Consider a horizontal pipe of cross-sectional area A carrying a fluid with a mean velocity V. Let 1 and 2 be the two sections of pipe L distance apart, where the intensities of pressure be p1 and p2 respectively. By applying Bernoulli’s equation between sections 1 and 2, we obtain
`\frac{P_{1}}{\gamma}+\frac{V_{1}^{2}}{2g}+z_{1}=\frac{P_{2}}{\gamma}+\frac{V_{2}^{2}}{2g}+z_{2}+h_{f}`
Since, V1 = V2 and z1 = z2
Loss of head, `h_{f}=\frac{p_{1}-p_{2}}{\gamma}`
Let f’ be the frictional resistance per unit area at unit velocity, then frictional resistance
= f’ * area * Vn
= f’ * PL * Vn
where,
P = Wetted perimeter of the pipe
The pressure forces at the sections 1 and 2 are p1A and p2A respectively. Thus resolving all the forces horizontally, we have
p1A = p2A + frictional resistance
(p1-p2) A= f’ * PL* Vn
(p1 - p2) = f’ * (P/A) * L * Vn
But,
`h_{f}=\frac{p_{1}-p_{2}}{\gamma}`
`h_{f}=\frac{f'}{\gamma}\frac{P}{A}LV^{n}`
`h_{f}=\frac{f'}{\gamma}\frac{LV^{n}}{m}`
where,
m = Hydraulic mean depth = `\frac{A}{P}`
For pipes running full,
`m = \frac{A}{P} = \frac{\frac{\pi D^{2}}{4}}{\piD}=\frac{D}{4}`
Now,
`h_{f} = \frac{4f'}{\gamma}\frac{LV^{n}}{D}`
Assuming n = 2 and putting ` \frac{4f'}{\gamma}=\frac{f}{2g}`,
` h_{f}=\frac{fLV^{2}}{2gD}`
Procedure:
1. Note down the diameter of the pipe, length of pipe between pressure tappings and area of the collecting tank.
2. Pressure tappings of the pipe being tested are kept open while for the other pipes they are kept closed.
3. Open the inlet flow control valve and regulate the valve to allow a steady flow through the pipe.
4. The flow rate is initially adjusted to its maximum value by completely opening the flow control valve.

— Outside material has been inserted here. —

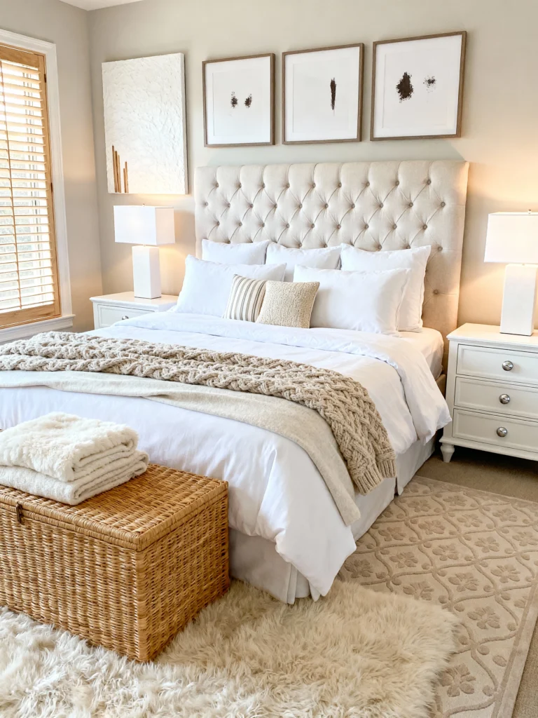 This is the “Clean Girl” aesthetic in bedroom form. It’s all about layers of cream, beige, and white. This style is perfect if you want a room that feels airy and uncluttered. The oversized tufted headboard is the star of the show here.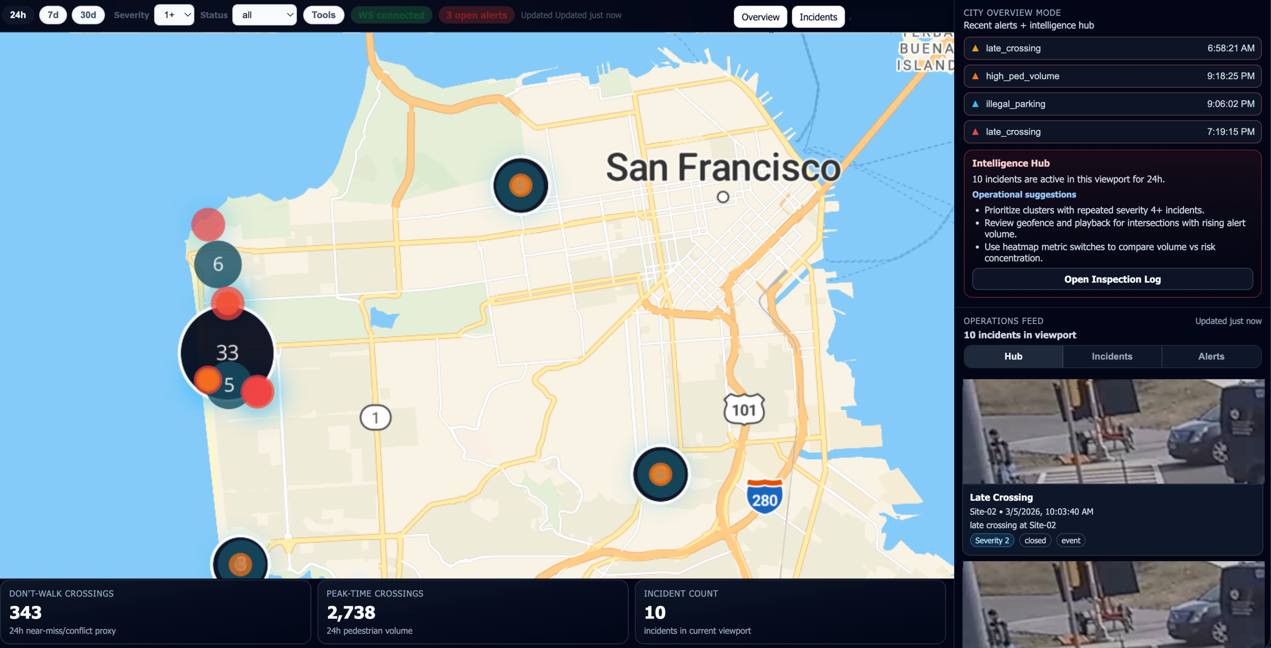 Cumulant’s Automated Pedestrian Safety Agent is a city-ready system that continuously measures pedestrian activity and safety conditions - without adding operational burden to staff. It automates data collection, delivers a live dashboard, and applies AI-driven analysis to surface risk patterns, trends, and before/after program impact. Results are visualized through map-based GIS views and intuitive reporting so teams can validate interventions, prioritize improvements, and act faster with confidence.

Time is allowed to stabilize the levels in manometer tube.
5. The discharge flowing through the pipe is measured by recording the time required to collect certain volume of fluid in the collecting tank. Also, record the corresponding mercury manometer readings.
6. The flow rate is reduced in stages by means of flow control valve and the corresponding discharge & manometer readings are noted.
7. Repeat the procedure for different sets of pipes available in the pipe friction apparatus.
Observations:
Length of the pipe, L = .......... m
Cross - sectional area of the collecting tank, A = .......... m2
Diameter of the pipe, D = .......... m
Table:
| SNo. |
L (cm of Hg) |
R (cm of Hg) |
x (m of Hg) |
hf (m of water) |
R (m) |
T (sec) |
Qact (m3/sec) |
v (m/sec) |
f | v2/2g | log hf | log v |
|---|---|---|---|---|---|---|---|---|---|---|---|---|
| 1 | ||||||||||||
| 2 | ||||||||||||
| 3 | ||||||||||||
| 4 | ||||||||||||
| 5 |
Graphs:
1. hf Vs v:
2. hf Vs `\frac{v^{2}}{2g}`:
3. log hf Vs log v:
Precautions:
1. Sufficient time should be given for the flow to become steady-uniform.
2. Remove the entrapped air in manometer tubes. This can be achieved by opening the valves provided at the top of the manometer simultaneously. If they are opened out separately, the manometric fluid will spill out.
3. Apparatus should be in levelled condition.
Result:
1. Friction factor of the half-inch pipe,
a) Average of tabulated values = ..........
b) From hf Vs `\frac{v^{2}}{2g}` graph = ..........
c) From hf Vs v graph = ..........
d) From log hf Vs log V graph = ..........
2. Friction factor of the three fourth-inch pipe,
a) Average of tabulated values = ..........
b) From hf Vs `\frac{v^{2}}{2g}` graph = ..........
c) From hf Vs v graph = ..........
d) From log hf Vs log V graph = ..........